Vorige

Verrekening vertrekvakantiegeld

De verrekening van het vertrekvakantiegeld van een bediende gebeurde gedurende verschillende decennia in één keer: bij het begin van de tewerkstelling werd het vertrekvakantiegeld, betaald door de vorige werkgever, in één keer verrekend. FOD WASO stelde dat het door deze werkwijze mogelijk was enkel vakantiegeld af te trekken van loon. Dit is in strijd met de loonbeschermingswet, de Wet van 12 april 1965. Deze laat maar een heel beperkt aantal inhoudingen op het loon toe en enkel vakantiegeld zit daar niet bij.

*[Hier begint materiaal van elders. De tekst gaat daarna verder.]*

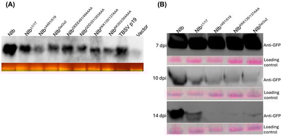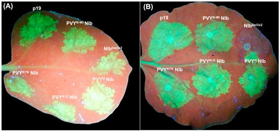 To identify amino acid residues involved in NIb suppression of RNA silencing, we introduced mutations in the NIb of PVYNTN, which is spreading increasingly in North America, while the incidence of PVYO, the ordinary strain, has been decreasing [69,70,71,72,73]. These mutations were introduced using the Q5 Site-Directed Mutagenesis Kit (New England Biolabs, Ipswich, MA, USA) with the primers listed in Table 1B. These mutations and NIb functional domains are illustrated in Figure 12. First, the N-terminal 17 amino acid residues that contain the recently reported NIb nuclear localization signal (NLS) [12] were deleted, obtaining the mutant designated NIbΔ1/17. A second truncation was produced by deleting the last 28 amino acids of PVYNTN NIb, obtaining NIbΔ491/519. To identify additional NLSs, we searched for lysine-rich motifs, which are typically found in NLSs and identified motifs 135KKK137 and 303KK304. These lysine residues were replaced with alanine, obtaining NIbKKK135/137AAA and NIbKK303/304AA, respectively. We investigated other conserved motifs, including the acidic motif 491DEEE494 and 351GDD353, which were substituted with alanine, obtaining NIbDEEE491/494AAA and NIbGDD351/353AAA, respectively. The 351GDD353 motif is a critical component of the catalytic site within the viral RdRP protein [74]. An NIb null mutant, NIbDel3×2 (negative control), was generated from PVYNTN NIb by deleting nucleotides GT at position bps 855–856 and truncating 50 bps from the 3′ end. These PVYNTN NIb mutants were cloned into pEarleygate100 and pEarleygate101 binary vectors, as described above, and the recombinant plasmids were introduced into the A. tumefaciens strain GV3101.

Aan de sociale partners binnen de Nationale Arbeidsraad werd gevraagd hierover een advies te formuleren. Op 1 juni werd het advies nr. 2.297 gesloten.

In dit advies stellen de sociale partners voor per dag dat de bediende bij zijn nieuwe werkgever vakantie neemt, hij 10 pct. van zijn dagloon ontvangt. Aan het einde van het jaar, met name samen met de loonafrekening van de maand december, of aan het einde van de arbeidsovereenkomst, wordt het verschil tussen de uitbetaalde 10 pct. en hetgeen de werkgever effectief moest betalen, berekend en, al naargelang het geval, bijgepast of ingehouden. Op de loonfiche wordt hiervan melding gemaakt.

Dit alles vereist aanpassingen aan loonprogramma’s, vakantie-attesten, vakantiewetgeving en nog meer. Het is geen sinecure om dit gerealiseerd te krijgen.

Ofschoon de nieuwe regels in werking treden op 1 januari 2023, stelt de Nationale Arbeidsraad dat de ondernemingen een overgangsperiode van één jaar krijgen om zich in overeenstemming te brengen met deze nieuwe bepalingen. Tot die tijd vraagt de Raad een gedoogbeleid met betrekking tot de vroegere praktijk.

Opgelet, het gaat hier om een advies van de Nationale Arbeidsraad. Dit is geen wijzing van de wetgeving zelf. De Minister hoeft dit advies zelfs niet te volgen. Pas bij publicatie van een wijzigend Koninklijk Besluit in het Belgisch Staatsblad is er zekerheid over de manier waarop de verrekening van het vertrekvakantiegeld zal aangepakt zijn.